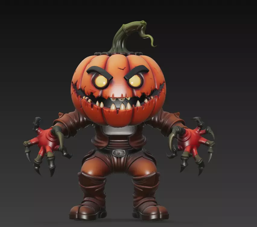 The Pumpkin Raider 3D Model blends horror and stylization to perfection.With its glowing eyes, menacing teeth, clawed hands, and armor-like body, this creature stands out as a fantasy–horror collectible ideal for Halloween scenes, CGI renders, and 3D printed figures.
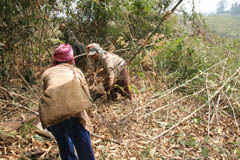 伐採(3月上旬)は、畑1.5haを3月7日(2005年)から行う予定。家族4人とそれ以外の村人が合計一日で10〜20人も関わる。
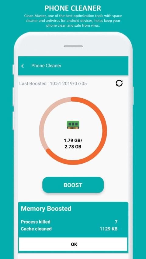 The most beautiful part of this app is a small, configurable widget that places on top of any app and one-click to RAM boost.
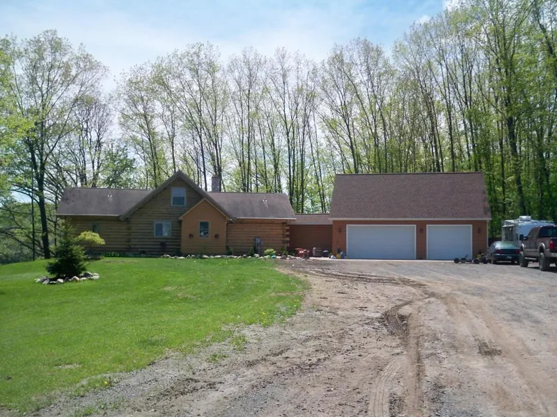 TRADITIONAL LOG HOME ON ORDWAY LAKE. This is your chance to live on a private lake in a home that has all the things for you and your toys! Total finished areas is 2,495 sf. Construction includes natural pine railings, open ceilings and massive windows facing the lake. Added to the property since 2012 is a high quality wood heating system, 28 x 32 garage with bonus room and breezeway, 30 x 60 pole building with cement floors and 16' ceilings, hot tub room, and mud room entrance. 121' of wate r frontage on Ordway Lake. Come see your next Up North home! Call Bob Budreau at 231-843-5119 for showings.
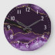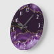 Purple and Faux Silver Glitter Marble Agate Large Clock
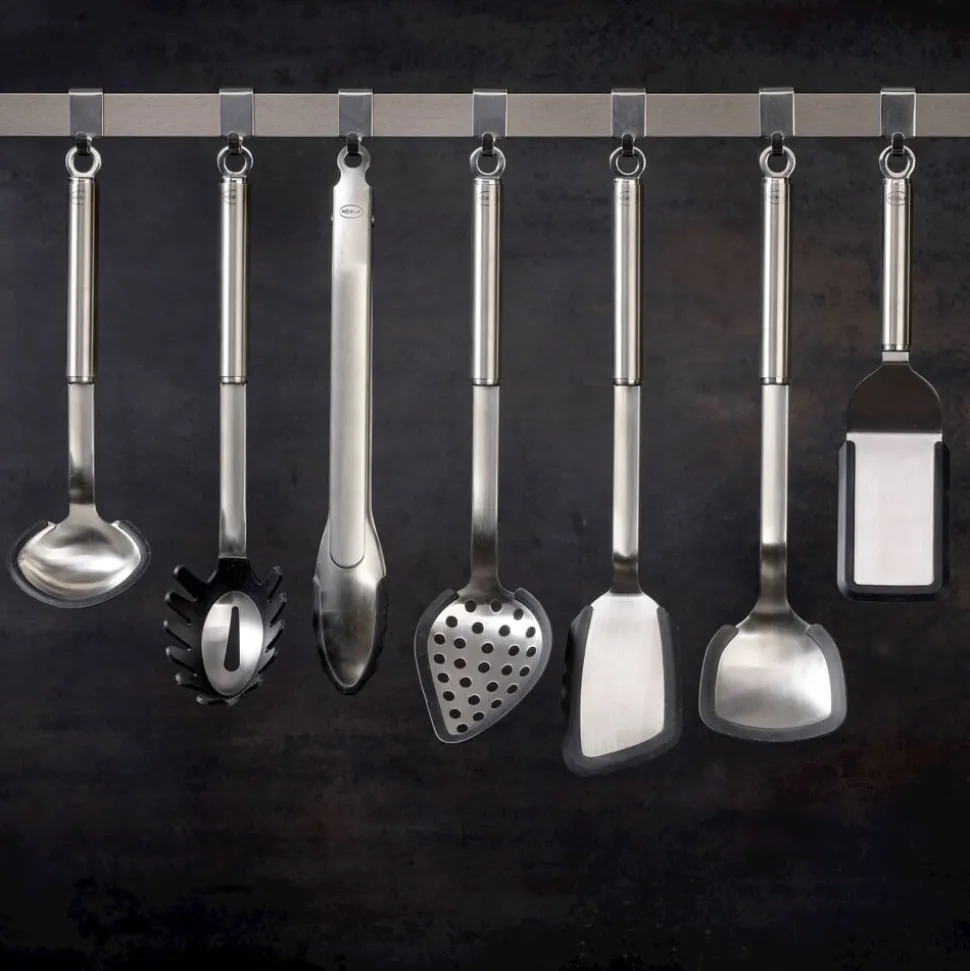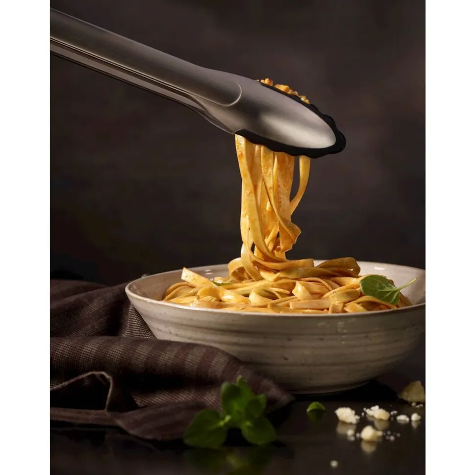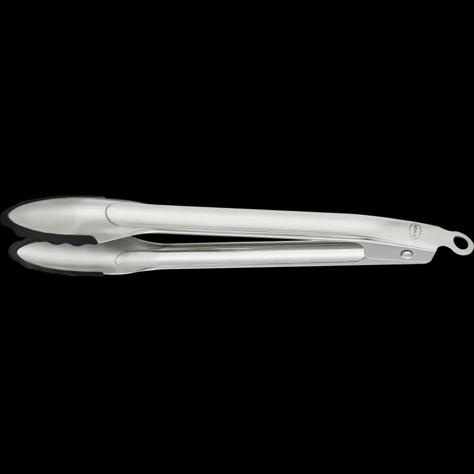 RÖSLE køkkentang med patenteret åbnemekanisme, der gør det muligt at åbne og låse tangen med kun én hånd. Silikonebelægningen forhindrer ridser i kogegrej med belægning eller rustfrit stål. Tåler temperaturer op til 260 °C. Tåler opvaskemaskine.
- - - - - - -
● Task to complete:
Please copy, exactly and only, the lines of the listing that run from the one holding "Purple and Faux" through its last line, and exclude pictures.

● Solution to this problem:
 Purple and Faux Silver Glitter Marble Agate Large Clock
 RÖSLE køkkentang med patenteret åbnemekanisme, der gør det muligt at åbne og låse tangen med kun én hånd. Silikonebelægningen forhindrer ridser i kogegrej med belægning eller rustfrit stål. Tåler temperaturer op til 260 °C. Tåler opvaskemaskine.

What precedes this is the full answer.